**DATA IN THIS EXERCISE**.
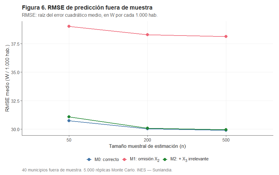 M1 produce errores de predicción de en torno a 38–39 W/1.000 hab., frente a los 30 W/1.000 hab. de M0: un 27% más. Y lo más llamativo: aumentar la muestra de 50 a 500 municipios apenas reduce el RMSE de M1. El sesgo no desaparece con más datos, y se paga directamente en la predicción. M2 es prácticamente indistinguible de M0 en términos predictivos.
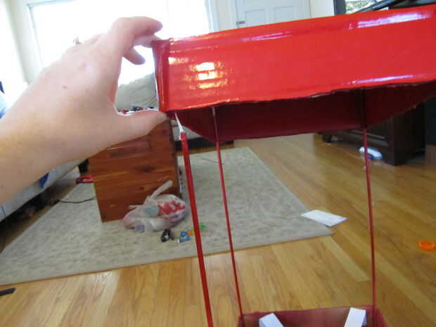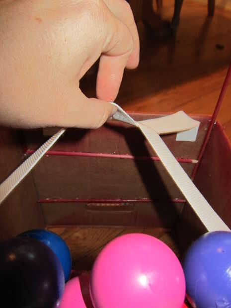 Una vez que han secado colocar un taco en una esquina de la caja de medida de la parte superior de la cabeza de su hijo y dejar tres pulgadas adicionales en cada extremo de la espiga (tres por debajo de la parte superior de la caja) y tres por encima de la cabeza del niño. Una vez medidos tacos cortados al tamaño adecuado. Colocar un pasador en cada esquina de la caja usando pegamento caliente. En forma de tapa o parte superior encima de tacos y utilizar pegamento caliente para fijar.
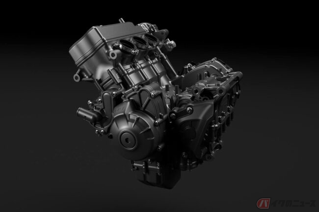 エンジンは、“クロスプレーン・コンセプト”に基づく排気量888ccの水冷4ストロークDOHC・直列3気筒エンジンを軽量なアルミフレームに搭載しています。
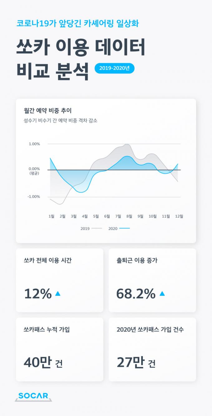 쏘카가 2019년과 2020년 쏘카 이용 데이터를 비교 분석해 코로나19 발생 이후 바뀐 카셰어링 이용 패턴에 대한 결과를 공개했다. 쏘카 카셰어링 이용시간은 1년 새 12% 이상 늘어났다. 이는 보다 안전한 이동수단을 선호하는 이용자들이 출퇴근, 쇼핑 등 일상생활에서도 카셰어링을 많이 활용했기 때문으로 분석된다.
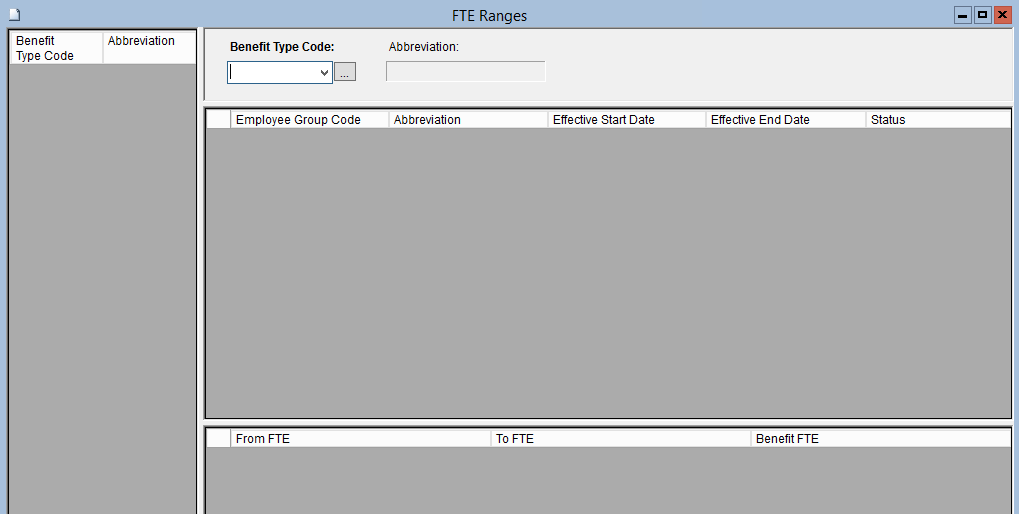 This screen is used to set up Benefit/Group FTE range records which define the proportion of a Benefit Employees are entitled to, based on their FTE.

**WORK INSTRUCTION**. Please repeat the data above exactly as it appears, pictures excluded.

**ANSWER BOX**.
 M1 produce errores de predicción de en torno a 38–39 W/1.000 hab., frente a los 30 W/1.000 hab. de M0: un 27% más. Y lo más llamativo: aumentar la muestra de 50 a 500 municipios apenas reduce el RMSE de M1. El sesgo no desaparece con más datos, y se paga directamente en la predicción. M2 es prácticamente indistinguible de M0 en términos predictivos.
 Una vez que han secado colocar un taco en una esquina de la caja de medida de la parte superior de la cabeza de su hijo y dejar tres pulgadas adicionales en cada extremo de la espiga (tres por debajo de la parte superior de la caja) y tres por encima de la cabeza del niño. Una vez medidos tacos cortados al tamaño adecuado. Colocar un pasador en cada esquina de la caja usando pegamento caliente. En forma de tapa o parte superior encima de tacos y utilizar pegamento caliente para fijar.
 エンジンは、“クロスプレーン・コンセプト”に基づく排気量888ccの水冷4ストロークDOHC・直列3気筒エンジンを軽量なアルミフレームに搭載しています。
 쏘카가 2019년과 2020년 쏘카 이용 데이터를 비교 분석해 코로나19 발생 이후 바뀐 카셰어링 이용 패턴에 대한 결과를 공개했다. 쏘카 카셰어링 이용시간은 1년 새 12% 이상 늘어났다. 이는 보다 안전한 이동수단을 선호하는 이용자들이 출퇴근, 쇼핑 등 일상생활에서도 카셰어링을 많이 활용했기 때문으로 분석된다.
 This screen is used to set up Benefit/Group FTE range records which define the proportion of a Benefit Employees are entitled to, based on their FTE.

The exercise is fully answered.